On the ET0L subgroup membership problem in bounded automata groups

TL;DR

This paper proves that in bounded automata groups, the subgroup membership problem for stabilisers of eventually periodic infinite rays can be characterized as an ET0L language, providing a constructive solution and insights into the group's structure.

Contribution

It establishes that the membership problem for certain stabilisers in bounded automata groups is an ET0L language, extending understanding of subgroup structures in automata groups.

Findings

Membership problem is ET0L for eventually periodic rays

The problem cannot be generally context-free in this setting

Provides a recursive formula for the Green function on Schreier graphs

Abstract

We are interested in the subgroup membership problem in groups acting on rooted $d$-regular trees and a natural class of subgroups, the stabilisers of infinite rays emanating from the root.
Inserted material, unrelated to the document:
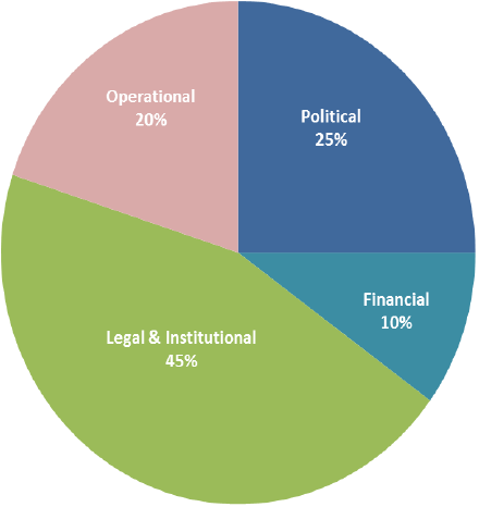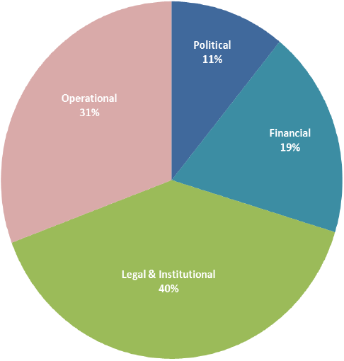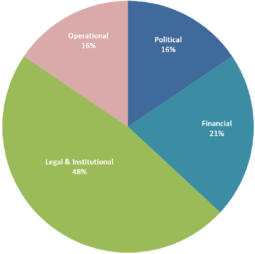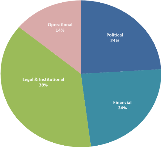 126. In each of the focus countries, legal and institutional risks are the most frequent barriers identified. Together with operational risk, legal and institutional barriers make up the majority of obstacles encountered, with a low of 52% in Egypt, 64% in Jordan, 65% in Tunisia and a high of 71% in Morocco. This is consistent with the major findings of the handbook but runs contrary to the view sometimes expressed that political risk is the most important factor inhibiting investment in the region. Political risk is cited as a barrier in a low of 11% of projects in Morocco, rising to 16% in Jordan, 24% in Egypt and 25% in Tunisia, the percentages for the latter two reflecting political events since 2011.

These rays, which can also be viewed as infinite words in the alphabet with d letters, form the boundary of the tree. Stabilisers of infinite rays are not finitely generated in general, but if the ray is computable, the membership problem is well posed and solvable. The main result of the paper is that, for bounded automata groups, the membership problem in the stabiliser of any ray that is eventually periodic as an infinite word, forms an ET0L language that is constructable. The result is optimal in the sense that, in general, the membership problem for the stabiliser of an infinite ray in a bounded automata group cannot be context-free. As an application, we give a recursive formula for the associated generating function, aka the Green function, on the corresponding infinite Schreier graph.